Given data
>>>

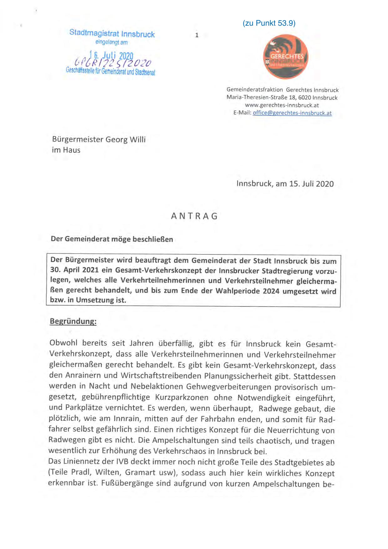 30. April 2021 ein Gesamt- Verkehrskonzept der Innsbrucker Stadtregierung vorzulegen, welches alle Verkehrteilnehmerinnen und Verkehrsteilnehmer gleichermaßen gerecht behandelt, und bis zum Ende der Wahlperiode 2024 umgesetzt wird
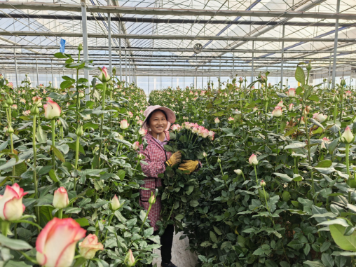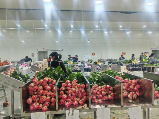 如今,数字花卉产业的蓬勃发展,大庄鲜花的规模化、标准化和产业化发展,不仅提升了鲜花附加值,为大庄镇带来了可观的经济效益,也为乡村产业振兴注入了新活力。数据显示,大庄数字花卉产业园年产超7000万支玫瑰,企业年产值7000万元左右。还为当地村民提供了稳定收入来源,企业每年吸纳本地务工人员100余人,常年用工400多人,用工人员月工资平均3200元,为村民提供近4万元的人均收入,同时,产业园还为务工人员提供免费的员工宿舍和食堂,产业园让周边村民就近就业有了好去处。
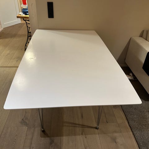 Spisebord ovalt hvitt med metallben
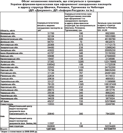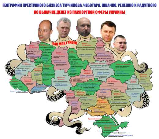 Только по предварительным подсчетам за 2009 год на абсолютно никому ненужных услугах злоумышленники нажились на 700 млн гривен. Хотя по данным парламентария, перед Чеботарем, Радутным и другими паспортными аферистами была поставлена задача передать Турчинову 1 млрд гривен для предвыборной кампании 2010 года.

<<<

Task
Repeat the listing above in full, exactly, and omit its pictures.

Answer to the exercise
 30. April 2021 ein Gesamt- Verkehrskonzept der Innsbrucker Stadtregierung vorzulegen, welches alle Verkehrteilnehmerinnen und Verkehrsteilnehmer gleichermaßen gerecht behandelt, und bis zum Ende der Wahlperiode 2024 umgesetzt wird
 如今,数字花卉产业的蓬勃发展,大庄鲜花的规模化、标准化和产业化发展,不仅提升了鲜花附加值,为大庄镇带来了可观的经济效益,也为乡村产业振兴注入了新活力。数据显示,大庄数字花卉产业园年产超7000万支玫瑰,企业年产值7000万元左右。还为当地村民提供了稳定收入来源,企业每年吸纳本地务工人员100余人,常年用工400多人,用工人员月工资平均3200元,为村民提供近4万元的人均收入,同时,产业园还为务工人员提供免费的员工宿舍和食堂,产业园让周边村民就近就业有了好去处。
 Spisebord ovalt hvitt med metallben
 Только по предварительным подсчетам за 2009 год на абсолютно никому ненужных услугах злоумышленники нажились на 700 млн гривен. Хотя по данным парламентария, перед Чеботарем, Радутным и другими паспортными аферистами была поставлена задача передать Турчинову 1 млрд гривен для предвыборной кампании 2010 года.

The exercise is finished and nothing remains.